(Supplied data)

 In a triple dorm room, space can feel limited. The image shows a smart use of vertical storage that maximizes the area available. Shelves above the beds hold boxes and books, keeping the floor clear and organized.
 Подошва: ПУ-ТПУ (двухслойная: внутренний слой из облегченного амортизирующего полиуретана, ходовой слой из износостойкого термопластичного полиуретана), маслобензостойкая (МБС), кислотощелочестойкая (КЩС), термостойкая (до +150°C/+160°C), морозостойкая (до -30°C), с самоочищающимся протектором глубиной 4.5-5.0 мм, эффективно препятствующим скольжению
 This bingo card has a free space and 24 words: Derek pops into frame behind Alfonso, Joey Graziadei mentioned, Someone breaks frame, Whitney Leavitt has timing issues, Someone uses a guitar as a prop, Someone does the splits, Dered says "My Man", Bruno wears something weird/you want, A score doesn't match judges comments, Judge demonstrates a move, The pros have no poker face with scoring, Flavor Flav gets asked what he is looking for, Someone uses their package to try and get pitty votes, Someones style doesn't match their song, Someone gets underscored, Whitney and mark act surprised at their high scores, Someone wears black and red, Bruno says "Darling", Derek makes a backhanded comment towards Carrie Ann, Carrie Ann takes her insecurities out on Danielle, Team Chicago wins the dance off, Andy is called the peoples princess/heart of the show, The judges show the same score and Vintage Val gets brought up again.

(End Supplied data)
(Supplied data)

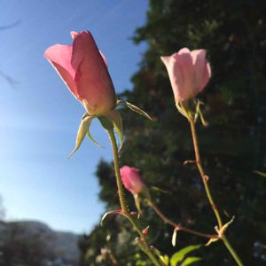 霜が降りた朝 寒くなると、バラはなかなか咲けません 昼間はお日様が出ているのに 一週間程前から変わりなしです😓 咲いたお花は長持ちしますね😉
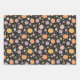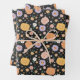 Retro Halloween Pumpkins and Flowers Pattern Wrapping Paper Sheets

(End Supplied data)
(Supplied data)

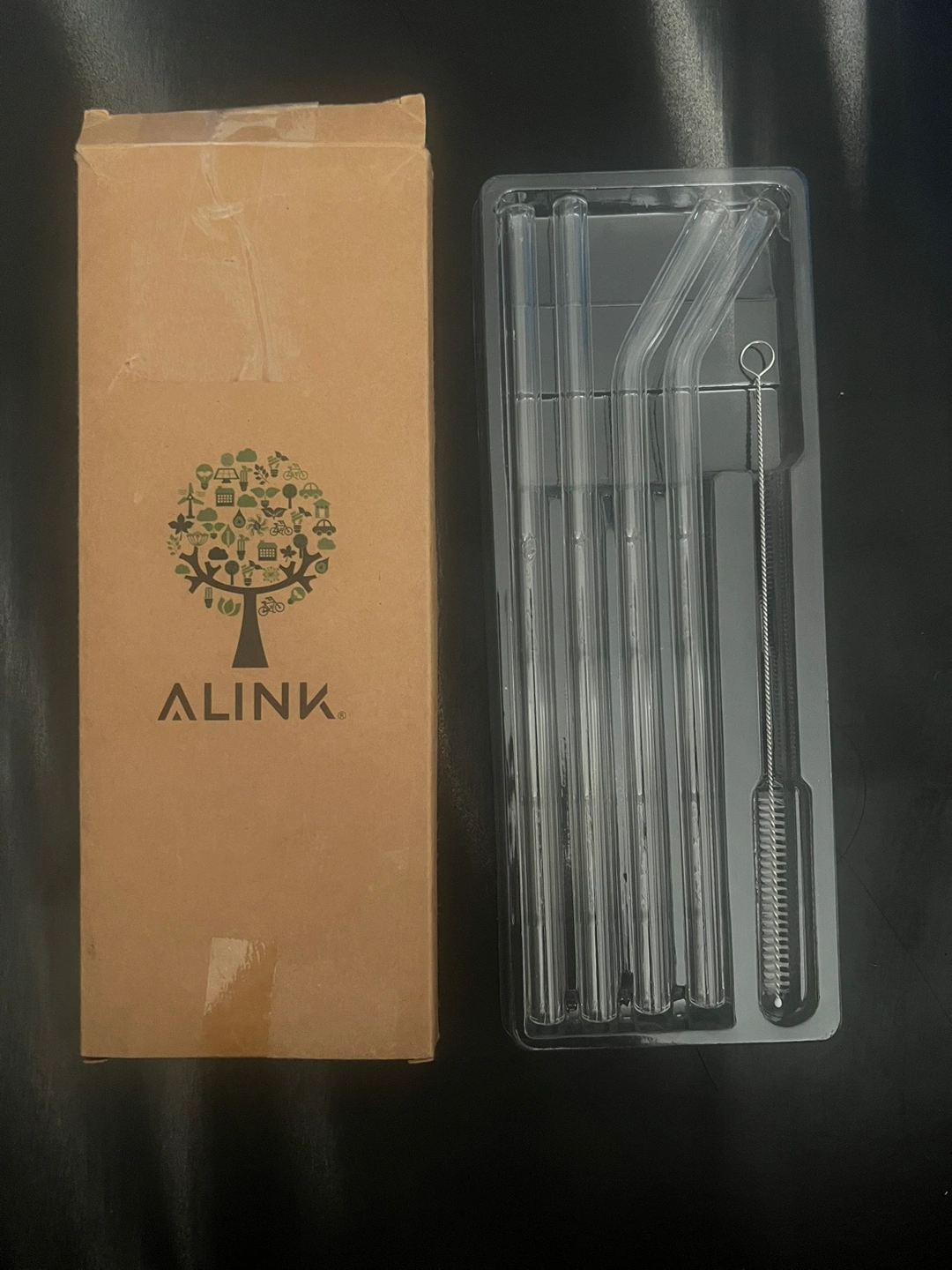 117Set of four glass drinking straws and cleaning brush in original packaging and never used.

(End Supplied data)

Your task: Copy the entries above exactly, but only from the line holding "In a triple" through the line holding "Подошва: ПУ-ТПУ (двухслойная: внутренний", both included.

Written response:
 In a triple dorm room, space can feel limited. The image shows a smart use of vertical storage that maximizes the area available. Shelves above the beds hold boxes and books, keeping the floor clear and organized.
 Подошва: ПУ-ТПУ (двухслойная: внутренний слой из облегченного амортизирующего полиуретана, ходовой слой из износостойкого термопластичного полиуретана), маслобензостойкая (МБС), кислотощелочестойкая (КЩС), термостойкая (до +150°C/+160°C), морозостойкая (до -30°C), с самоочищающимся протектором глубиной 4.5-5.0 мм, эффективно препятствующим скольжению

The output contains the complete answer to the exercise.